In 2011, as part of a profile I wrote about him in Fortune, Preet Bharara, the U.S. attorney in the Southern District of New York, explained why he hadn’t prosecuted any Wall Street executives. He supplied the usual pabulum about how he wanted nothing more than to bring such cases, but that piles of subpoenaed documents revealed no evidence of prosecutable wrongdoing.
If that’s true, Bharara should release the evidence publicly so that the American people can see what he has seen.

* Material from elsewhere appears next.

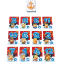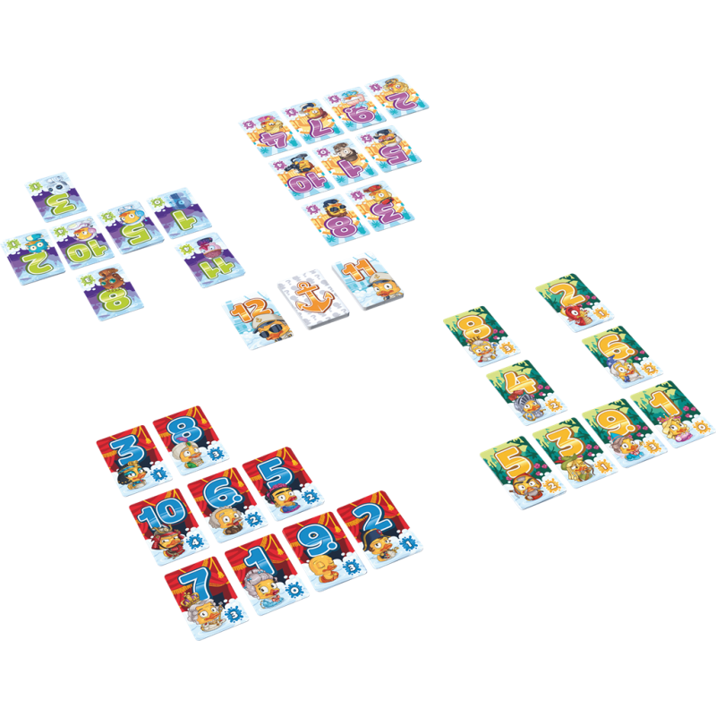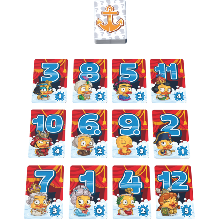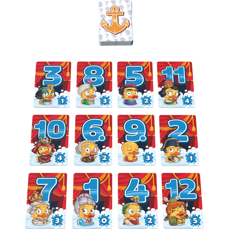 Chaque joueur reçoit une série de 12 cartes canard, portant un chiffre de 1 à 12, les mélange et les place devant lui, aléatoirement en une grille de 4 cartes sur 3.

Why do I blame the revolving door between law enforcement and the private sector for the lack of justice? Consider Lanny Breuer, the former criminal division head at the U.S. Department of Justice. He told the New York Bar Association that worries “literally keep me up at night” that innocent workers and markets might suffer if he indicted Wall Street firms. Breuer left government last year to return to his partnership at the Covington & Burling law firm, where he is paid millions of dollars a year.
You don’t have to be a genius to figure out how this game works.
When Robert Khuzami, the former head of enforcement at the SEC and a former general counsel of Deutsche Bank in the Americas, leaves government for a $5-million-a-year job as a partner at Kirkland & Ellis, you can see what’s going on.
When Tim Geithner, the former Treasury secretary, takes over as president of Warburg Pincus, the private-equity firm, even a high-school dropout can discern a pattern.
When the general counsels at JPMorgan Chase, Bank of America Corp. and Deutsche Bank — Stephen Cutler, Gary Lynch and Richard Walker, respectively — previously had been directors of enforcement at the SEC, the picture becomes perfectly clear.
Earlier this month, we got more irrefutable evidence when Julius Genachowski, the former Federal Communications Commission chairman, joined the Carlyle Group as a managing director to work on media, telecom and technology industry buyouts.
Can you say ka-ching?
The promise of the corporate honey pot for departing government officials has been a reality at least since 1968, when Treasury Secretary Henry Fowler became a Goldman Sachs partner. Unless, and until, the revolving door between Washington and Wall Street is bolted shut, I think it’s safe to say the American people will continue to be ill-served by those empowered with the hallowed role of prosecuting wrongdoing.
William D. Cohan, the author of “Money and Power: How Goldman Sachs Came to Rule the World,” is a Bloomberg View columnist. He was formerly an investment banker at Lazard Freres & Co., Merrill Lynch and JPMorgan Chase.